» Exercise
Pictures in the entries below are excluded; copy only the lines from the one containing "Виконайте завдання одного" to the one containing "这间卫生间相比之下更加大胆夸", both included.
══ Information provided ══
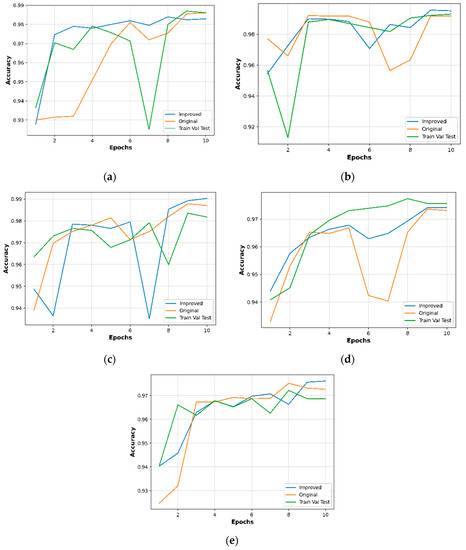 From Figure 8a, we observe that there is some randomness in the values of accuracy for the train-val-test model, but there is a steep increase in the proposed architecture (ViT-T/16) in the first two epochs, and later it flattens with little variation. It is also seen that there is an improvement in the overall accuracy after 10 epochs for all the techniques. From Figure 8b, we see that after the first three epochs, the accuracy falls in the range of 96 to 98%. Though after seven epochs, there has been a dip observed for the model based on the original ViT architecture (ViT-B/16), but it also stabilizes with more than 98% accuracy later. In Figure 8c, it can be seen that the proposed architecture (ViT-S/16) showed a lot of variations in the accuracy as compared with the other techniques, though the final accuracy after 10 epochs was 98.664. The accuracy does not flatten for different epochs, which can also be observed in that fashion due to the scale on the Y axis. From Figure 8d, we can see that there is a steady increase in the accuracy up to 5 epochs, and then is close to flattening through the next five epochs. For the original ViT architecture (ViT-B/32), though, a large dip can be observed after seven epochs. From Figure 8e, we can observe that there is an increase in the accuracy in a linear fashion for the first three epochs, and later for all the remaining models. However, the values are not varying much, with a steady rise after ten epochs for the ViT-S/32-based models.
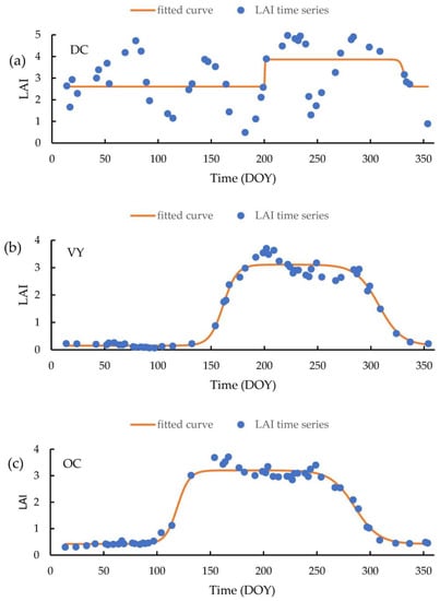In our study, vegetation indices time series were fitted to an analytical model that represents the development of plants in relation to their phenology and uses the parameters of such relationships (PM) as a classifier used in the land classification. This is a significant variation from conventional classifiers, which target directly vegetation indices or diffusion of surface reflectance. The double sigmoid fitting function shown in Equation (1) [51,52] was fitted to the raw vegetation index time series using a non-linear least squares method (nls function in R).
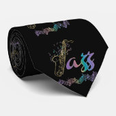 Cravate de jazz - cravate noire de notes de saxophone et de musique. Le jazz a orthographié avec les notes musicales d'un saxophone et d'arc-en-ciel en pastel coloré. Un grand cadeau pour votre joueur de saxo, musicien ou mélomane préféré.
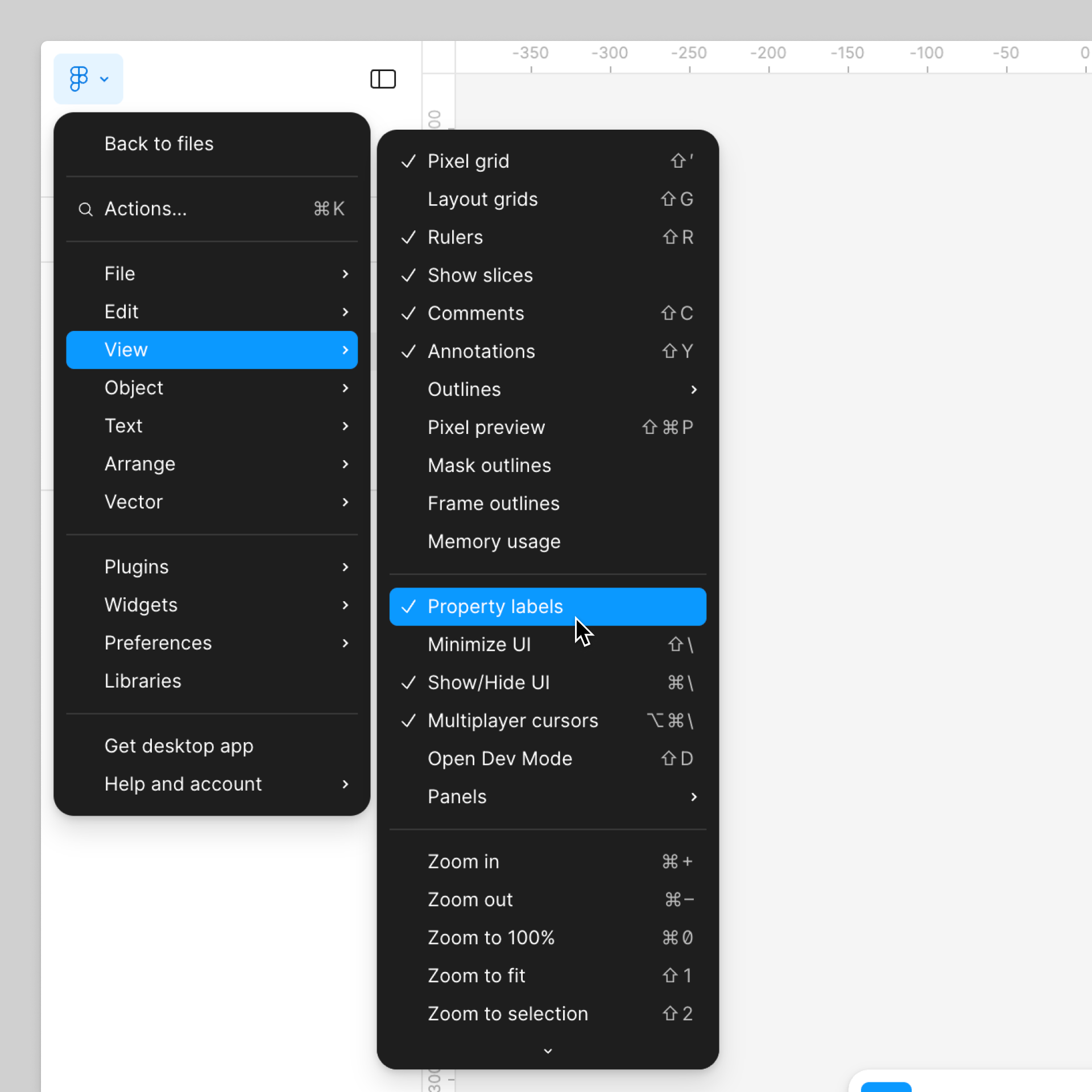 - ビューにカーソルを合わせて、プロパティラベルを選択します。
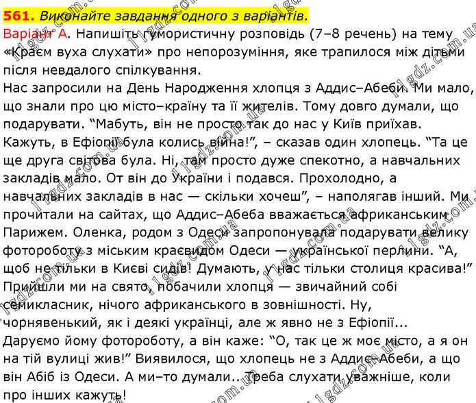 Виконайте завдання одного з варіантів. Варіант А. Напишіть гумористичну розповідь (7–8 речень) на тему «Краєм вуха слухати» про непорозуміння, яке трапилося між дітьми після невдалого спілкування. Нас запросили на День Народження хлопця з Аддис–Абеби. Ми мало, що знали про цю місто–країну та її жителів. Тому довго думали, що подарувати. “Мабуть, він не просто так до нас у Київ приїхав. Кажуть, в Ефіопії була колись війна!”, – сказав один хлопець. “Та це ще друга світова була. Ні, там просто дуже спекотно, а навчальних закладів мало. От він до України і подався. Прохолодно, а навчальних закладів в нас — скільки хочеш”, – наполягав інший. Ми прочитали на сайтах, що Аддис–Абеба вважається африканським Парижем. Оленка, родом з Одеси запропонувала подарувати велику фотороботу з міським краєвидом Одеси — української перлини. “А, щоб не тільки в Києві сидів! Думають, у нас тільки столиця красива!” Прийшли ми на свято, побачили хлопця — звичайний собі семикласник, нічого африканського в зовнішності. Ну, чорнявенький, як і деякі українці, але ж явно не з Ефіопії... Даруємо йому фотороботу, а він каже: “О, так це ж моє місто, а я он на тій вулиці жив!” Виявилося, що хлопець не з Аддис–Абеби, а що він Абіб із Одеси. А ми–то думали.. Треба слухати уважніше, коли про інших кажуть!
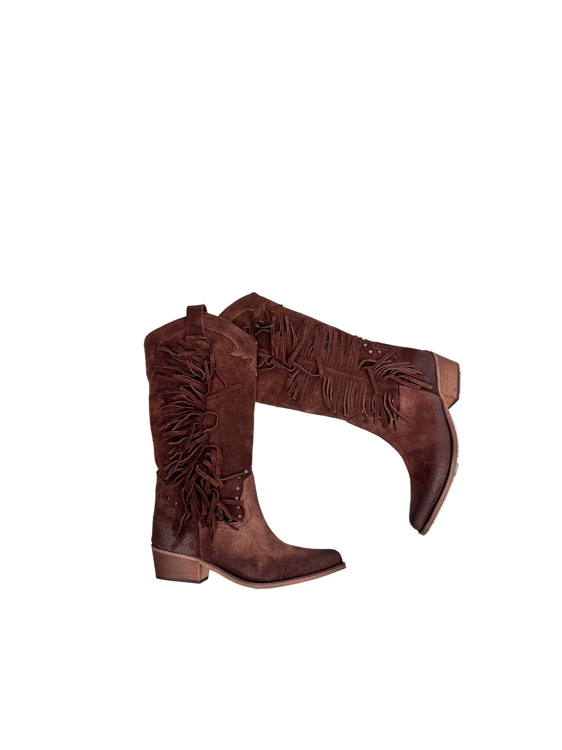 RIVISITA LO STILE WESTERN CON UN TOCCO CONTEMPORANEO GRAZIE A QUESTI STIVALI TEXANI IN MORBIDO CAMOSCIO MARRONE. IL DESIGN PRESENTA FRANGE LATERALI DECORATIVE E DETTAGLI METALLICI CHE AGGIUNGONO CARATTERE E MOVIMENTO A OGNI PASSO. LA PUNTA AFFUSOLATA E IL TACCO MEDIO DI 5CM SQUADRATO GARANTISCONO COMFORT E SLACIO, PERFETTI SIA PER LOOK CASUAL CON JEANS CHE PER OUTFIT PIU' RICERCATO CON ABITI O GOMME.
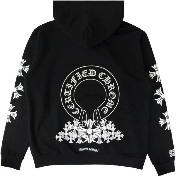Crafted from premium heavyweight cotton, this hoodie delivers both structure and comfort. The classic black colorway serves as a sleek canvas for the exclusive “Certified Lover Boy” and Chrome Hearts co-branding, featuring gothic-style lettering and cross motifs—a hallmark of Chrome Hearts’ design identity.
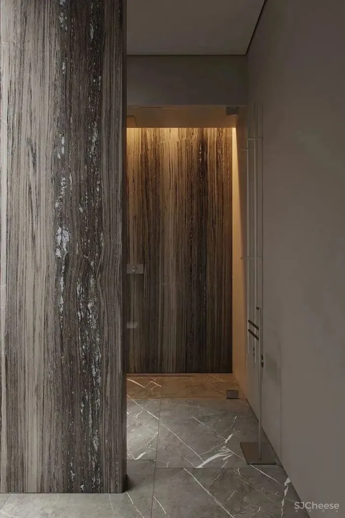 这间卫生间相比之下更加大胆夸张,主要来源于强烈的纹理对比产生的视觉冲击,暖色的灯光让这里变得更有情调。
═══
══ Information provided ══
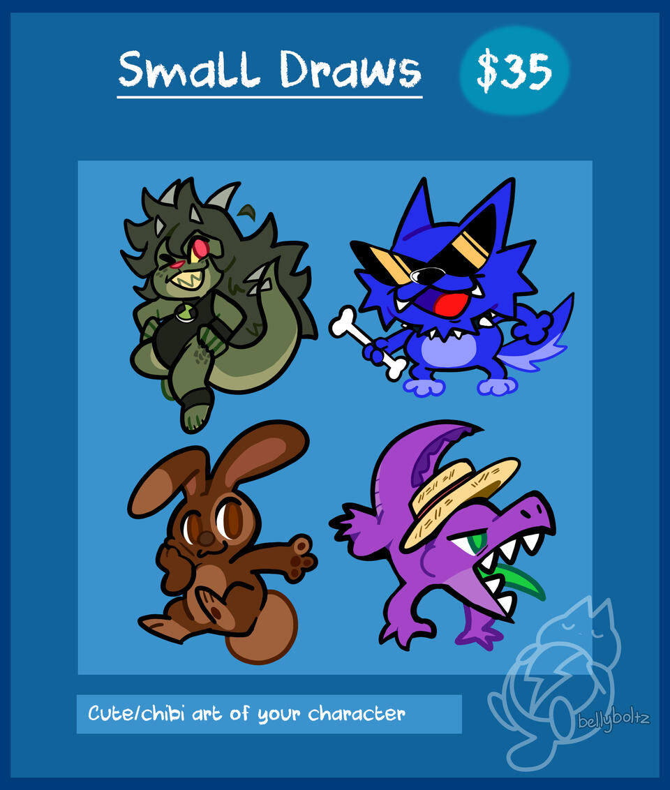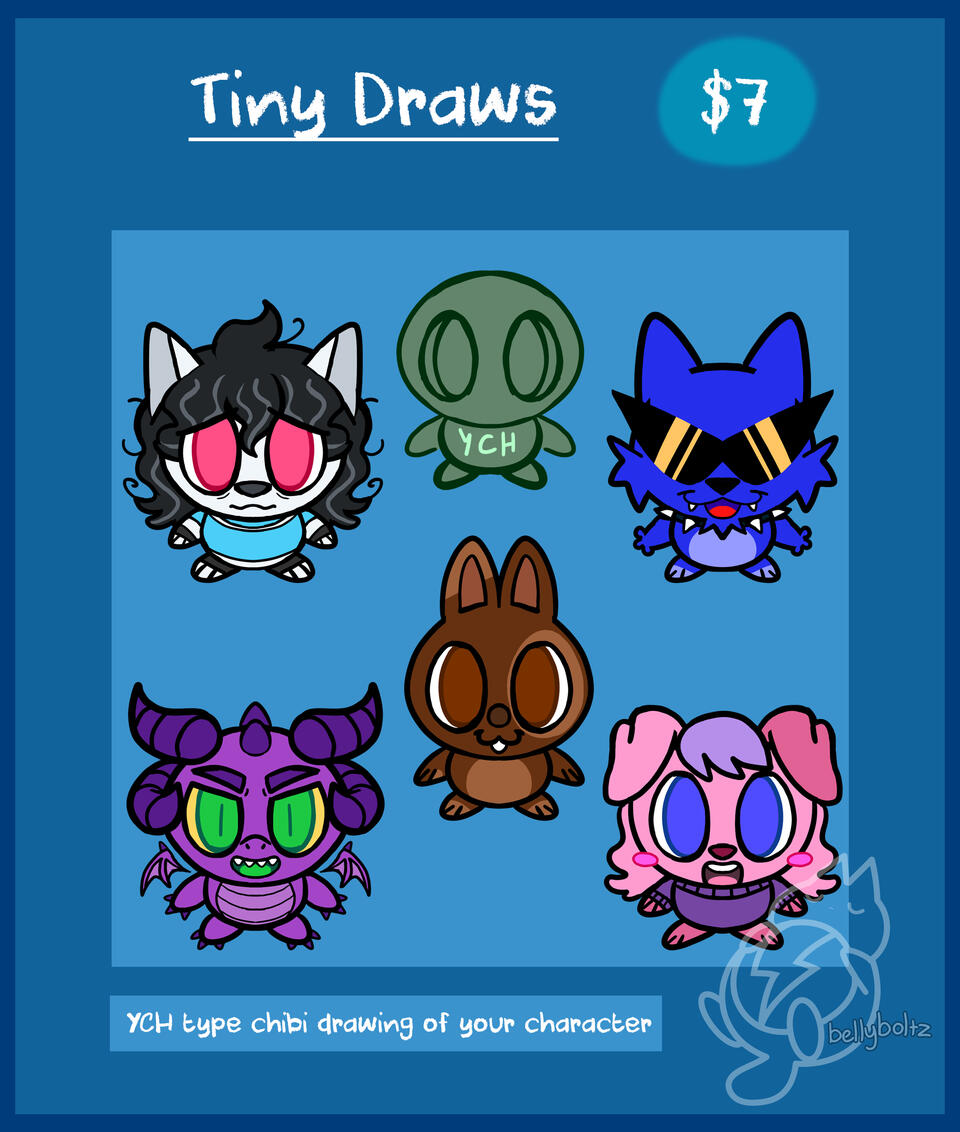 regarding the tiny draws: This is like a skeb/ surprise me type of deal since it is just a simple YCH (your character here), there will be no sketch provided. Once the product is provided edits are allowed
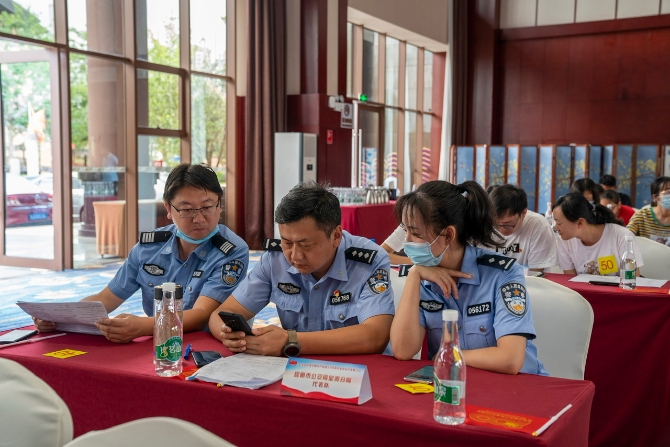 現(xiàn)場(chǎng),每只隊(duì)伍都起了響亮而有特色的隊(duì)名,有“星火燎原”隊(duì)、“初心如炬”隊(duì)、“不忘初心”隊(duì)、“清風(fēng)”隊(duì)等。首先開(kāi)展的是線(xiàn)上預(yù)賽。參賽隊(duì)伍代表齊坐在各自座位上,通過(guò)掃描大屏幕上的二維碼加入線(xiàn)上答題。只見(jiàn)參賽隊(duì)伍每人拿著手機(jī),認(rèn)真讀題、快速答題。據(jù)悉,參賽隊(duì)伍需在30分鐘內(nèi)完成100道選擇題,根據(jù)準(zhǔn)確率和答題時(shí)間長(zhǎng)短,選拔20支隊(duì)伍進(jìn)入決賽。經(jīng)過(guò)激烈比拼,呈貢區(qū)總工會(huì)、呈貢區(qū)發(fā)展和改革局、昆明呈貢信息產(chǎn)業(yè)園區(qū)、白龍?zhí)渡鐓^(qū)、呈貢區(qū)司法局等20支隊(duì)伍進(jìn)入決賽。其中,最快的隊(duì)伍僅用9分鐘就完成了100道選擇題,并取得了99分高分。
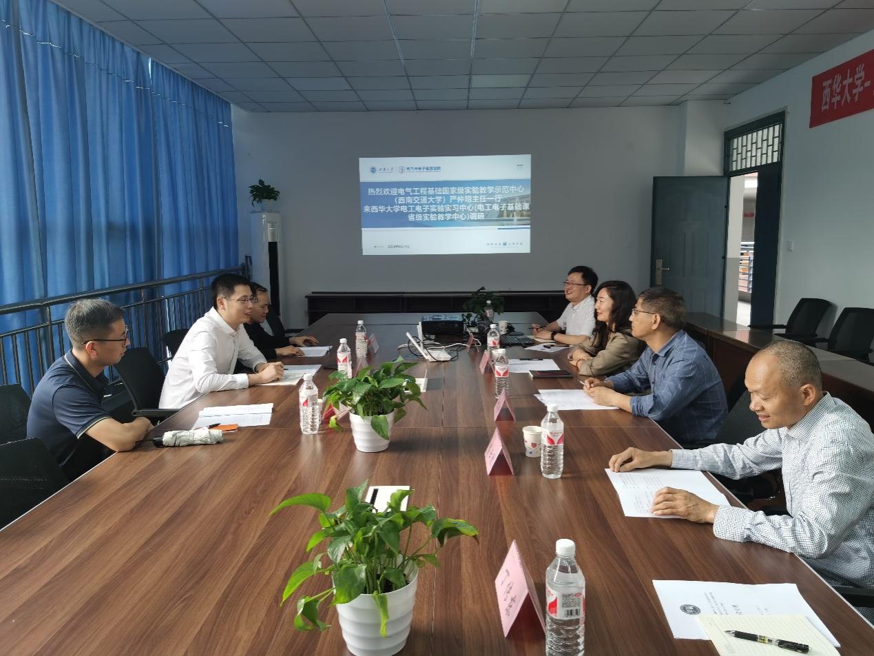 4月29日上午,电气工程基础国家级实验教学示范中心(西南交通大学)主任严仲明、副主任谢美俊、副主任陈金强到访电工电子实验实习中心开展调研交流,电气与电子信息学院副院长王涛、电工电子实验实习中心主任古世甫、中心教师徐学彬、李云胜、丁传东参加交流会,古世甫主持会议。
═══
» Response
 Виконайте завдання одного з варіантів. Варіант А. Напишіть гумористичну розповідь (7–8 речень) на тему «Краєм вуха слухати» про непорозуміння, яке трапилося між дітьми після невдалого спілкування. Нас запросили на День Народження хлопця з Аддис–Абеби. Ми мало, що знали про цю місто–країну та її жителів. Тому довго думали, що подарувати. “Мабуть, він не просто так до нас у Київ приїхав. Кажуть, в Ефіопії була колись війна!”, – сказав один хлопець. “Та це ще друга світова була. Ні, там просто дуже спекотно, а навчальних закладів мало. От він до України і подався. Прохолодно, а навчальних закладів в нас — скільки хочеш”, – наполягав інший. Ми прочитали на сайтах, що Аддис–Абеба вважається африканським Парижем. Оленка, родом з Одеси запропонувала подарувати велику фотороботу з міським краєвидом Одеси — української перлини. “А, щоб не тільки в Києві сидів! Думають, у нас тільки столиця красива!” Прийшли ми на свято, побачили хлопця — звичайний собі семикласник, нічого африканського в зовнішності. Ну, чорнявенький, як і деякі українці, але ж явно не з Ефіопії... Даруємо йому фотороботу, а він каже: “О, так це ж моє місто, а я он на тій вулиці жив!” Виявилося, що хлопець не з Аддис–Абеби, а що він Абіб із Одеси. А ми–то думали.. Треба слухати уважніше, коли про інших кажуть!
 RIVISITA LO STILE WESTERN CON UN TOCCO CONTEMPORANEO GRAZIE A QUESTI STIVALI TEXANI IN MORBIDO CAMOSCIO MARRONE. IL DESIGN PRESENTA FRANGE LATERALI DECORATIVE E DETTAGLI METALLICI CHE AGGIUNGONO CARATTERE E MOVIMENTO A OGNI PASSO. LA PUNTA AFFUSOLATA E IL TACCO MEDIO DI 5CM SQUADRATO GARANTISCONO COMFORT E SLACIO, PERFETTI SIA PER LOOK CASUAL CON JEANS CHE PER OUTFIT PIU' RICERCATO CON ABITI O GOMME.
Crafted from premium heavyweight cotton, this hoodie delivers both structure and comfort. The classic black colorway serves as a sleek canvas for the exclusive “Certified Lover Boy” and Chrome Hearts co-branding, featuring gothic-style lettering and cross motifs—a hallmark of Chrome Hearts’ design identity.
 这间卫生间相比之下更加大胆夸张,主要来源于强烈的纹理对比产生的视觉冲击,暖色的灯光让这里变得更有情调。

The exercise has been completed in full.